6. The computer vision-based track intrusion detection method as described in claim 5, characterized in that, Step S4 also includes: Step S44: In the activation energy map, the pixel positions where the activation change is greater than the activation energy threshold are marked as intrusion candidate pixels to obtain the intrusion target mask. Step S45: Perform connected component analysis on the intrusion target mask to obtain adjacent intrusion candidate pixels, and use the adjacent intrusion candidate pixels as the intrusion target region to obtain the intrusion target region set; Step S46: Select the intersection of the pixel set corresponding to the track hazard area mask from the intrusion target area set as the overlapping intrusion target area, and use the overlapping intrusion target area as the track intrusion detection output result of the track monitoring image of the current frame.

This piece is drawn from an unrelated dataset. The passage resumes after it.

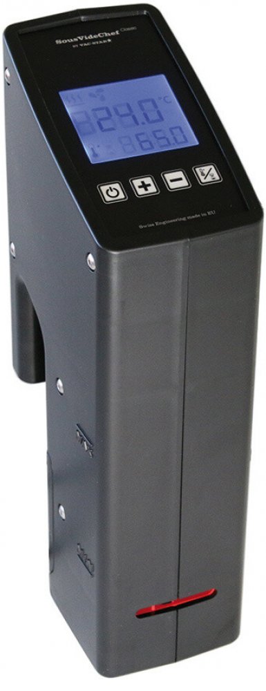 Cirkulační hlavici Sous-Vide Chef CLASSIC firmy VACSTAR doporučujeme do restaurací i na hobby domácí vaření. Vejde se do každé kuchyně a příprava s ní je jednoduchá a přesná. Velký přehledný displej vám nabídne teplotu v rozmezí 25-99 °C a ohřev vody po dobu až 99 hodin. Je tak ideální pro vaření metodou Sous-Vide. Pro přípravu jídel s touto hlavicí potřebujete pouze velký hrnec, gastro nádobu nebo jakoukoliv jinou nádobu do 40 litrů. Nastavíte jednoduše čas a teplotu a přístroj začne pracovat. Až dosáhne teploty, oznámí vám to signálem. Pak už můžete vložit balíčky se zavakuovanými potravinami a nechat jej pracovat. Nemusíte se bát odpaření vody, přístroj si sám hlídá její hladinu. Před odpařením navíc chrání vodu izolační kuličky. Dokonalost hlavice tkví i v preciznosti. Hlavice má přesnost ohřevu vody na 0,2 °C. Další výhodou je bezúdržbovost a robustnost, daná poctivou výrobou. Vybavení Vac-Star je prověřené v kuchyních profesionálů i v domácnostech nadšených kulinářských fanoušků. Můžeme s klidným svědomím slíbit, že s vybavením Vac-Star, vyráběným v České republice, nesáhnete vedle. Rozměry (š x h x v) 90x165x350 mm Hmotnost 2,1 kg Napětí 230 V Maximální objem 40 l Příkon 1000 W hmotnost pouze 2,1 kg díky spodní cirkulaci může být nádoba menší než 40 l nezabere mnoho místa (rozměry 350 × 90 × 165 mm) teplota nastavitelná v rozmezí 25-99 °C přesnost 0,2 °C, možnost nastavení ve °F při poklesu hladiny vody upozorní alarmem pojistka proti přetížení mobilní aplikace Vám pomůže s recepty na přípravu pokrmů dostupnost náhradních dílů – zaručená po 10 let

7. A computer vision-based track intrusion detection system, applied in any one of the computer vision-based track intrusion detection methods as described in claims 1-6, characterized in that, It includes a feature recognition module, a construction module, an anomaly measurement module, and an analysis module; The feature recognition module is used to extract features and detect targets in non-intrusive track monitoring images, generate image feature maps and target category scores, calculate the channel importance value of each feature channel based on the target category score, and obtain a whitelist channel set based on the channel importance value. The construction module is used to set channel suppression coefficients according to the whitelist channel set, perform suppression operations on the image feature map through the channel suppression coefficients to obtain the image residual feature map, and construct a normal residual distribution model based on the image residual feature map; The anomaly measurement module is used to acquire the current frame track monitoring image to be detected, extract the current frame feature map and calculate the current residual feature vector by combining the channel suppression coefficient, input the current residual feature vector into the normal residual distribution model to obtain the anomaly measurement value, and map it to obtain the spatial residual anomaly heat map. The analysis module is used to construct a potential field map through an orbital mask, perform random diffusion iterative calculations on the initial activation map generated based on the spatial residual abnormal heat map under the constraints of the potential field map, obtain the activation energy map based on the changes in activation values during the iteration process, and output the orbital intrusion detection results based on the activation energy map.